Cominciò la sua carriera artistica dipingendo le tabacchiere con quelle figure di
damine graziose che divennero poi la sua fortuna trasposte nelle miniature su
avorio. Intorno al 1703 appaiono i suoi primi lavori a pastello, tecnica che la
renderà famosa in tutta Europa. Nel 1705, grazie anche all'intermediazione del
suo amico Cristiano Cole, fu accettata all'Accademia nazionale di San Luca a
Roma, con l'opera Fanciulla con colomba. La sua fama cresceva rapidamente e
nel 1708 eseguì il ritratto di Federico IV di Danimarca che per alcuni mesi
soggiornò a Venezia, mentre è dell'anno seguente un suo autoritratto divenuto
molto noto perché conservato presso la Galleria degli Uffizi.

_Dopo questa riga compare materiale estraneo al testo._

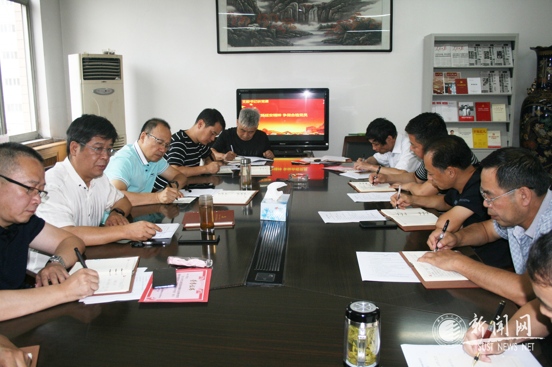 为庆祝中国共产党成立99周年,进一步强化广大党员的党性观念,树立典型、弘扬正气、凝聚力量,7月14日下午15:00,咸阳校区管委会召开全体党员大会表彰优秀党员,并在会后参加了学习延安精神的专题党课。咸阳校区管委会直属支部书记龚世平主持表彰会议,并讲授党课,支部全体党员参加会议。

Rosalba Carriera, Autoritratto con il ritratto della sorella, 1715, Firenze, Galleria
degli Uffizi.
Con una reputazione già solida alle spalle, nel 1720 parte per Parigi insieme al
cognato Giovanni Antonio Pellegrini, che ebbe molta influenza sul suo stile
pittorico, e la sorella Giovanna. Durante il suo soggiorno parigino, che durerà
un anno e mezzo, realizza circa una quarantina di ritratti di cui il più noto è
quello del giovane Luigi XV, attualmente conservato presso il Gemäldegalerie
Alte Meister di Dresda. Fu lei che lanciò la moda dei ritratti a pastello nella
capitale francese, grazie anche ai commenti favorevoli del pittore Maurice
Quentin de La Tour inerenti alla sua opera Jeune fille tenant une couronne de
laurier, nymphe de la suite d'Apollon presentata in occasione della sua elezione
all'Académie royale de peinture et de sculpture. La nomina avvenne il 26
ottobre 1720 e fu considerato un evento particolarmente importante, non solo
per il prestigio dell'accademia, ma anche perché erano ormai quasi
quarant'anni che una donna non era eletta all'Accademia reale di pittura e
scultura di Parigi.
Commissioni importanti arrivano da tutta Europa e nel 1730 si reca da maggio
a ottobre a Vienna chiamata dall'imperatore Carlo VI per eseguirne il ritratto,
oggi perduto.
Nel 1746 una malattia agli occhi la colpisce. Quello è il suo ultimo anno di
lavoro ma, nonostante l'età ormai avanzata non si rassegna e si farà operare di
cataratta nell'agosto 1749, ma dopo un breve miglioramento diventa
completamente cieca nel 1750.
Morì, sempre a Venezia, il 15 aprile 1757. Fu sepolta nella vecchia Chiesa di
San Vio, situata nel sestiere di Dorsoduro, dove sempre abitò.